A fork is a complete copy of a Pen or Project that you can save to your own account and modify. Your forked copy comes with everything the original author wrote, including all of the code and any dependencies.

How to Fork

To fork a Pen or Project, click the Fork button at the lower right in the footer of the Editor view.

You can create a fork before making changes, or you can start editing first, then fork when you’re ready to save your changes.

A link to the parent is included in the description of a forked Pen or Project (shown in Details View).

The original tags are also included on your fork. You can change or remove them in your settings.

Hot tip! If you’re forking your own work often, consider making a Pen Template or Project Template instead.

Forks in “Your Work”

The “All” view of your Pens and Projects in Your Work includes forks. But, you can choose to exclude them, or you can choose to show only your forked Pens.

To exclude forks, select “All My Pens (No Forks)” or “All My Projects (No Forks”) from the “View” menu. To see only forks select “Fork” from the view menu.

Forks on Your Profile

We separate your forks from your original Pens and Projects on your profile pages so visitors to your profile will see your work first.

On your profile, forked Pens are categorized under Pens > Forked. Forked Projects are categorized under Projects > Forked.

Fork to a new tab

You can open your fork in a new tab by pressing Command (Mac) or Control (PC) clicking the Fork button.

Note that popup blockers may block the new tab. If opening your fork is blocked, you can click the “View Fork” link in the banner at the top of the original Pen to go to your fork.

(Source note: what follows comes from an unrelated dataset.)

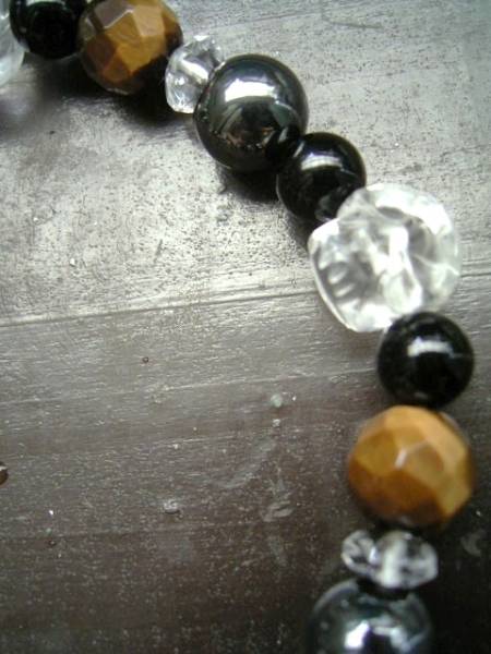 スカル水晶xタイガーアイxへマタイトブレスレット 天然石 パワーストーン
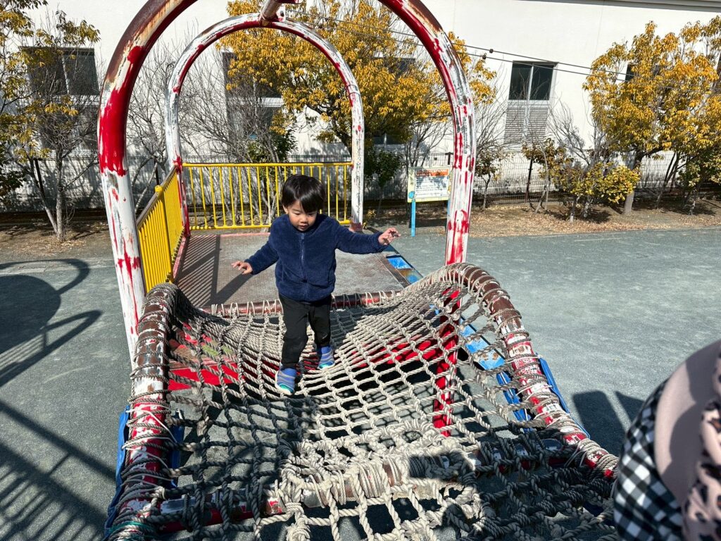 初めてのかもえ児童遊園。船の形の遊具に目をキラキラさせ、夢中で遊んだよ!(^^♪

You can adjust your popup settings in your browser to allow codepen.io — forks in a new tab are the only thing we use a “popup” for.

What happens when a fork is forked?

When a new fork is created from a Pen or Project that is a fork of another Pen, the new fork is considered a child of the original.

For example: you create Pen A. Another member forks your Pen to create Pen B. Then, a third member forks Pen B to create Pen C.

Pen C is a child of your Pen A, and will include a link to your Pen A on its Details View.

Other fork differences

  • Forks aren’t shown in search by default, but you can expand your search to include forks by setting “Show forks” to “True” on the search result page.
  • We avoid picking forks, unless they are significantly different from the original.